Insomma, ha cambiato nome, ma il modus operandi è quello di Gianni Agnelli, sebbene fossero altri tempi.

La triste storia della Fiat

Come ben racconta Contropiano, il disimpegno della Fiat nel comparto auto era già partito a inizio anni ’90, quando la famiglia Agnelli progettava già di abbandonare l’auto o comunque di renderla marginale nei propri interessi. Telecom, Banca San Paolo, turismo, servizi. Questi erano i nuovi settori che la famiglia torinese, paragonabile per prestigio e ricchezza ai Savoia, riteneva essere strategici per il futuro. Confermando, per carità, la propria lungimiranza.
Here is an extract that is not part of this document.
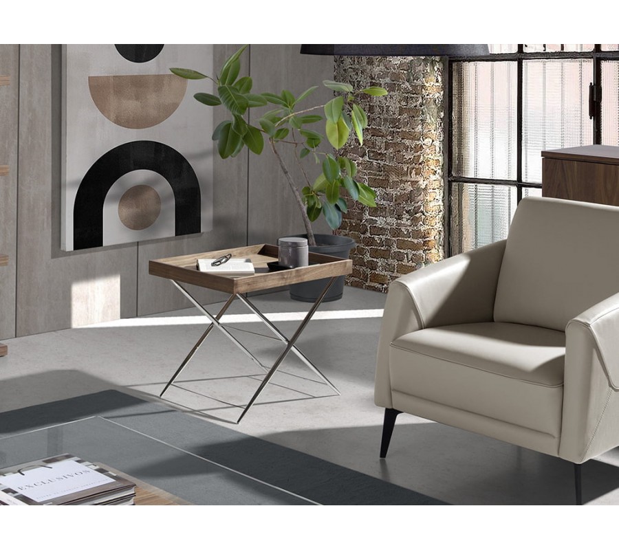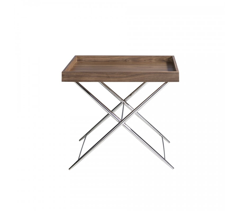 Dizajnový príručný stolík z kolekcie Vita Naturale je perfektným doplnkom do Vášho štýlového interiéru. Tento príručný stolík sa pýši minimalistickým, no moderným talianskym dizajnom s vrchnou doskou v podobe hnedého podnosu. Prekrížené chrómové nohy z nehrdzavejúcej ocele moderného príručného stolíka Vita Naturale sú jeho kľúčovým prvkom, ktorý dodá Vašej miestnosti nádych elegancie a avantgardy.

Tuttavia, per vari motivi, il progetto fallì clamorosamente e dovette tornare all’auto. Nacque lo stabilimento di Melfi che, per il solito regime propagandistico, era il segno del futuro. Ma non avevano fatto i conti col fatto che l’Italia era diventata un consumatore, più che un produttore di automobili. Basti pensare che, a differenza dei grandi paesi industriali europei quali Germania, Francia, Spagna, che producevano più auto di quelle che venivano acquistate nel paese, in Italia si compravano più di 2 milioni di auto all’anno. Ma se ne producevano meno di 1 milione e mezzo.

A ciò va aggiunto che la Fiat ha anche smesso di progettare auto che lasciassero il segno, che rivoluzionassero il proprio segmento di riferimento. L’Avvocato, con tutti i suoi difetti, almeno aveva una certa lungimiranza (fu il primo occidentale ad aprire ai cinesi) oltre che saperci fare con la concertazione (qui la sua biografia).

Poi il tentativo di diventare un grande gruppo internazionale, acquisendo l’americana Chrysler (ma si trattò più di un pacco agli americani) e il tentativo fallito di rilevare la tedesca Opel, presa poi dalla connazionale Volkswagen dopo le barricate di governo e sindacati.

Infine, la resa finale alla francese FCA, dove dominano Peugeot e Citroen, creando Stellantis e rinunciando definitivamente alla propria identità, a tanti modelli e a una certa idea di Italia. Ma non al vecchio vizio di chiedere sussidi allo Stato.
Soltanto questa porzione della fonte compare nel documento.